Reported: 2018-02-16 12:01 UTC by Ramakrishnan Periyasamy
Modified: 2019-08-23 03:14 UTC (History)
19 users (show)

Fixed In Version: rhceph-rhel7-docker-2.5-2
Doc Type: Known Issue
Doc Text:
.Installing and upgrading containerized Ceph fails Using Full Qualified Domain Names (FQDN) in the `/etc/hostname` file for containerized Ceph deployments will fail when installing and upgrading Ceph. When using the `ceph-ansible` playbook to install Ceph, the installation will fail with the following error message: ---- "msg": "The task includes an option with an undefined variable. The error was: 'osd_pool_default_pg_num' is undefined ---- To work around the installation failure, change the FQDN in the `/etc/hostname` file to the short host name on all nodes in the storage cluster. Next, rerun the `ceph-ansible` playbook to install Ceph. When upgrading Ceph with the `rolling_update` playbook, the upgrade will fail with the following error message: ---- "FAILED - RETRYING: container | waiting for the containerized monitor to join the quorum" ---- To work around the upgrade failure, change the FQDN in the `/etc/hostname` file to the short host name on all nodes in the storage cluster.

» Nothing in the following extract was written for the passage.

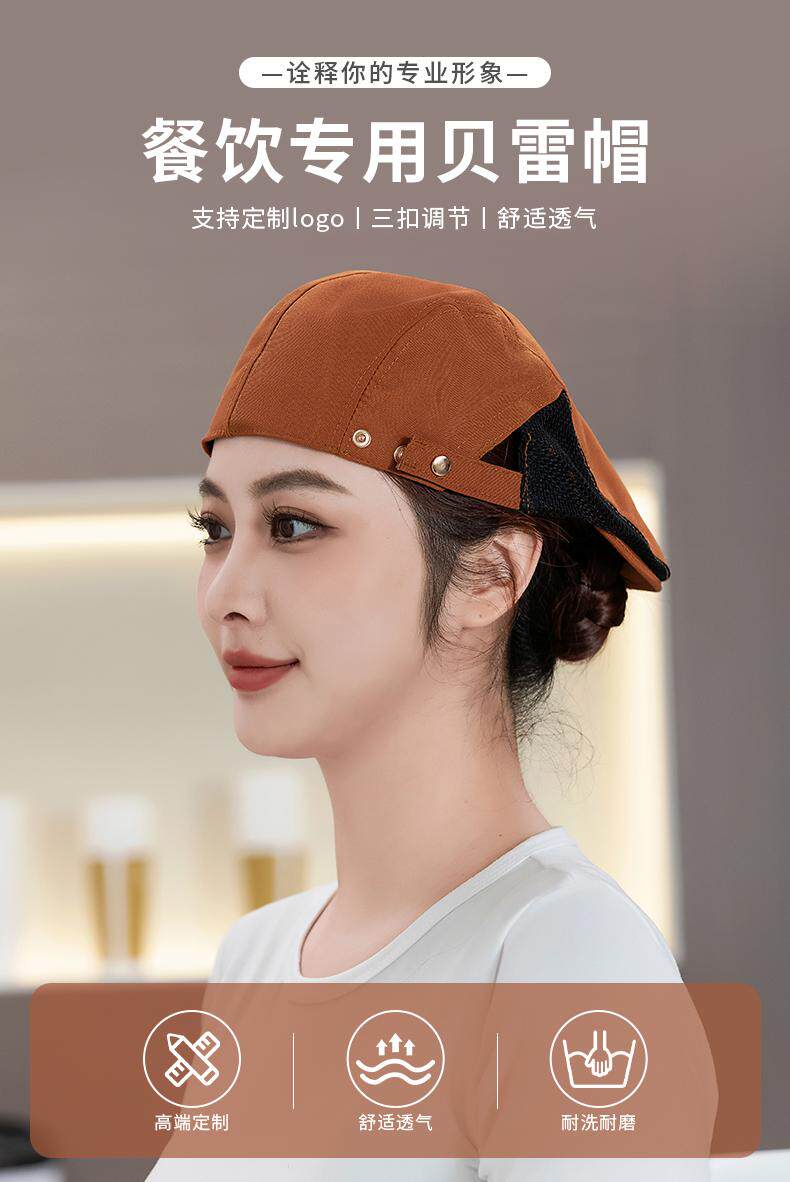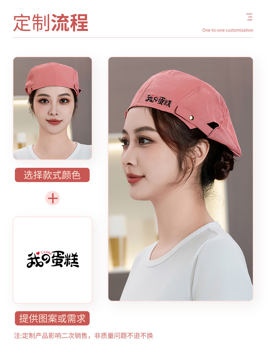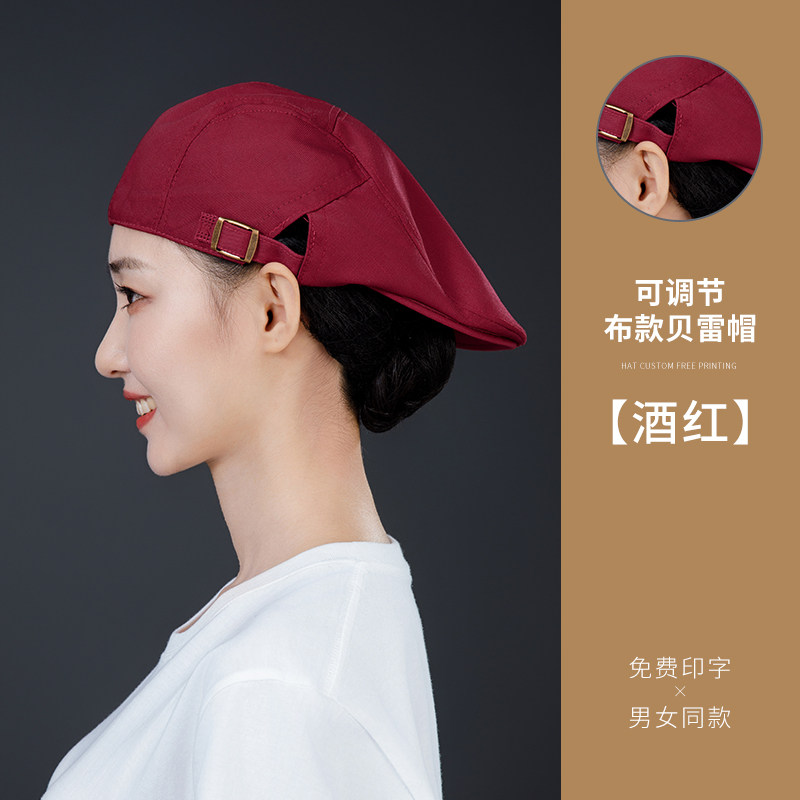 餐饮专用厨师工作帽子定制logo印字奶茶蛋糕店厨房防掉发贝雷帽女

Next, restart the corresponding Ceph daemons running on each node in the storage cluster, then rerun the `rolling_update` playbook to upgrade Ceph.
Clone Of:
: 1546834 (view as bug list)
Environment:
Last Closed: 2019-08-23 03:14:24 UTC
Embargoed:


Attachments (Terms of Use)
ansible-playbook logs. (3.31 MB, text/plain)
2018-02-16 12:01 UTC, Ramakrishnan Periyasamy
no flags Details


Links
System ID Private Priority Status Summary Last Updated
Github ceph ceph-container pull 907 0 None closed variables: sync with `ansible_hostname` ansible fact 2020-06-18 12:22:47 UTC

Description Ramakrishnan Periyasamy 2018-02-16 12:01:23 UTC
Created attachment 1396996 [details]
ansible-playbook logs.

Description of problem:
Ceph-ansible fails during upgrade of container cluster from 2.4 to 2.5 for waiting cluster to form quorum even though quorum is there

Thanks guillaume for debugging this.

Failure message: "FAILED - RETRYING: container | waiting for the containerized monitor to join the quorum"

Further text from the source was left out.